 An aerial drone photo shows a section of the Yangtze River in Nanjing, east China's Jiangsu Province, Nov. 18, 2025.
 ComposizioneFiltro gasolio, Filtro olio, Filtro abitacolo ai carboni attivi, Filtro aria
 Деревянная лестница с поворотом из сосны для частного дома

+-------+

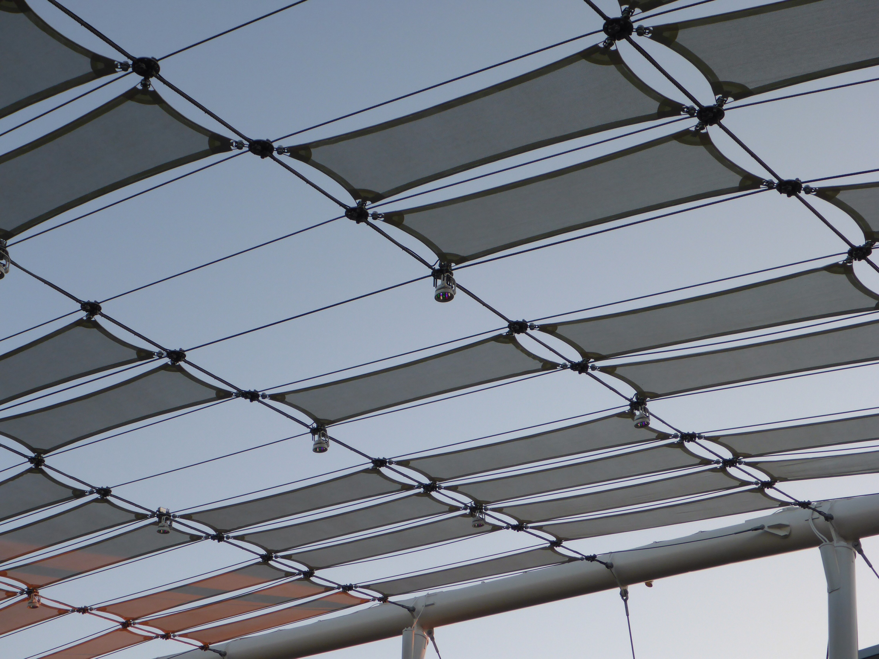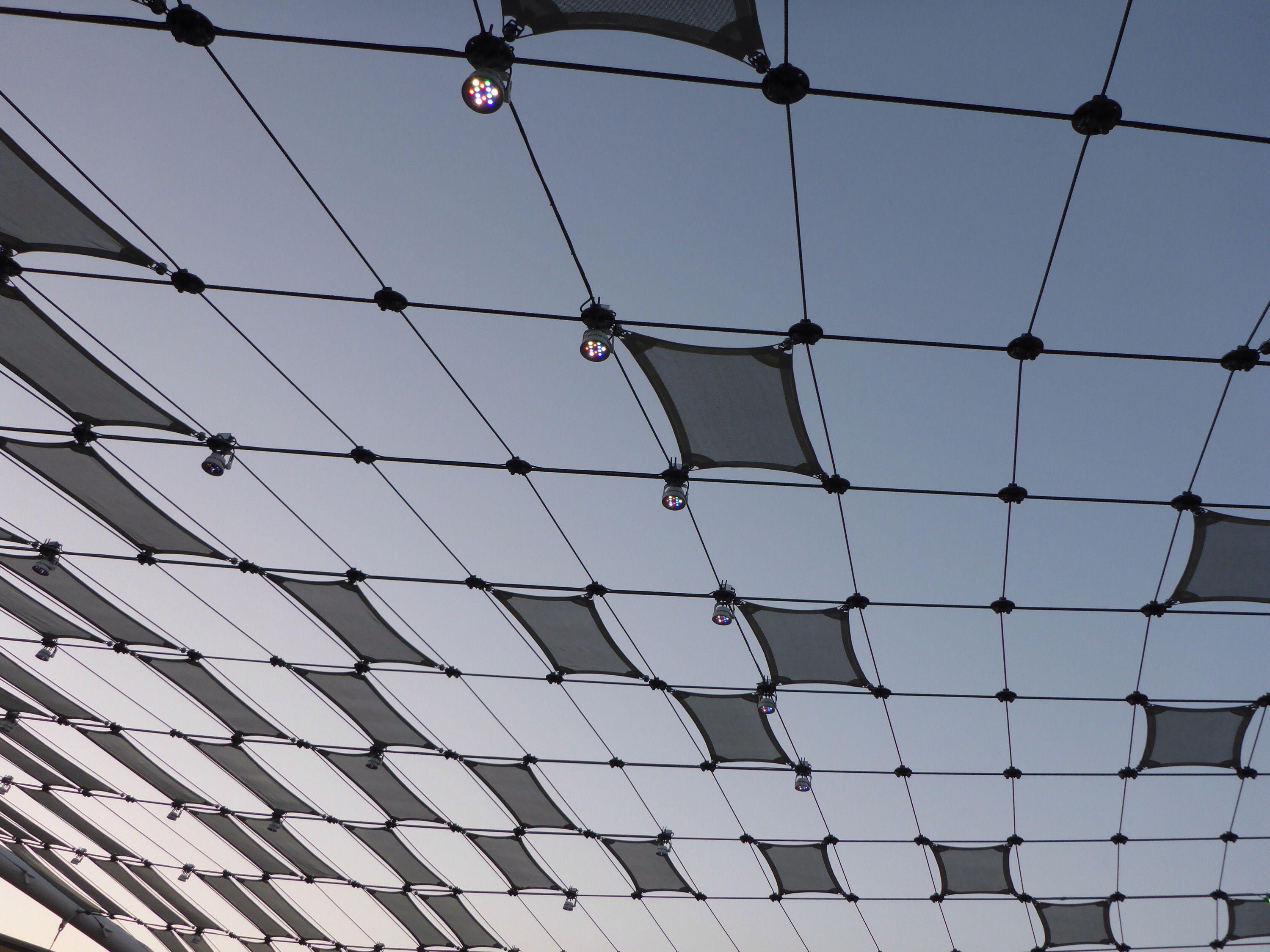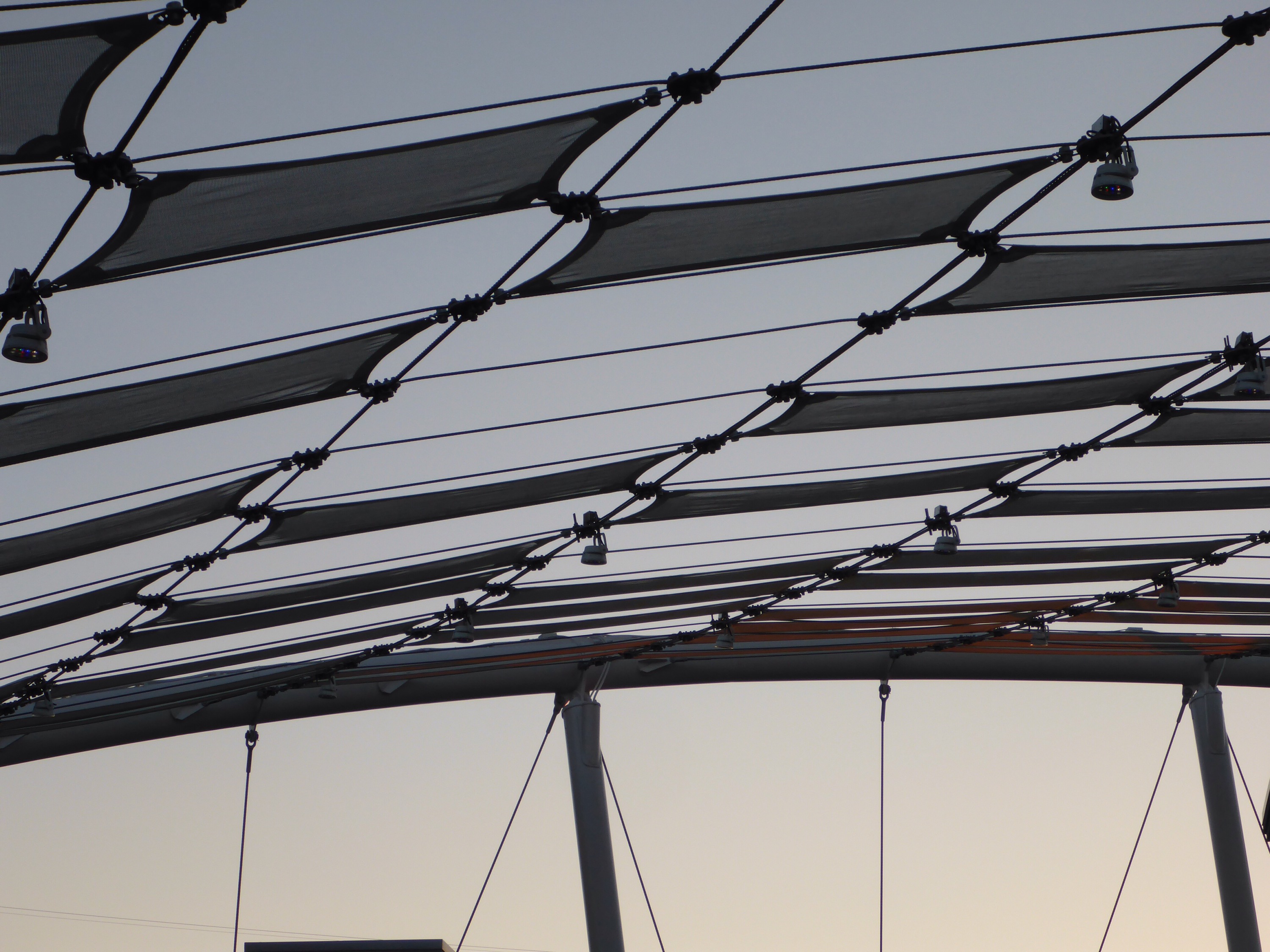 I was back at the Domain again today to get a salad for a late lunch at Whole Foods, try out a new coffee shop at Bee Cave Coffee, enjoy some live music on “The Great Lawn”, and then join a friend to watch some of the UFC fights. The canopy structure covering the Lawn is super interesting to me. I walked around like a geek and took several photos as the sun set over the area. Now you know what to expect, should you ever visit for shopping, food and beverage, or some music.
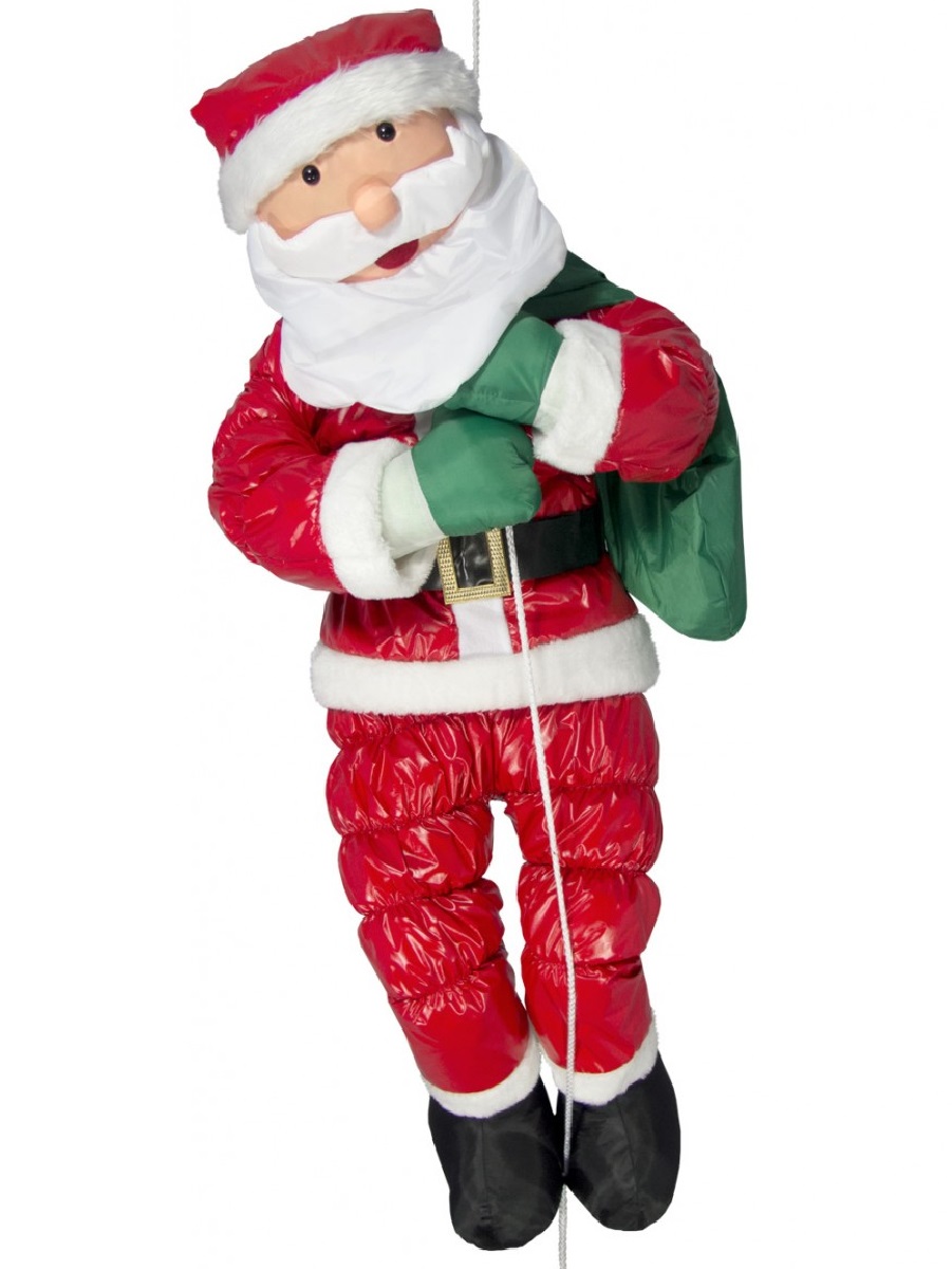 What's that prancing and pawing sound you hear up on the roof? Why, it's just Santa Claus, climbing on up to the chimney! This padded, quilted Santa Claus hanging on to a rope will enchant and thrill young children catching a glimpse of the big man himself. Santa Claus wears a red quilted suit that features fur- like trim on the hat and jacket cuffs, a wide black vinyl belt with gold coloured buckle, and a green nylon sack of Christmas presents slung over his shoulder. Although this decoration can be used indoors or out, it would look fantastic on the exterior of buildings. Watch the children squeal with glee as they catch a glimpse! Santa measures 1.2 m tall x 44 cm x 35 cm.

+-------+

- Task instructions:
In the listing above, locate the line containing "An aerial drone" and the line containing "Деревянная лестница с", then transcribe both and every line between them verbatim.

- Exercise result:
 An aerial drone photo shows a section of the Yangtze River in Nanjing, east China's Jiangsu Province, Nov. 18, 2025.
 ComposizioneFiltro gasolio, Filtro olio, Filtro abitacolo ai carboni attivi, Filtro aria
 Деревянная лестница с поворотом из сосны для частного дома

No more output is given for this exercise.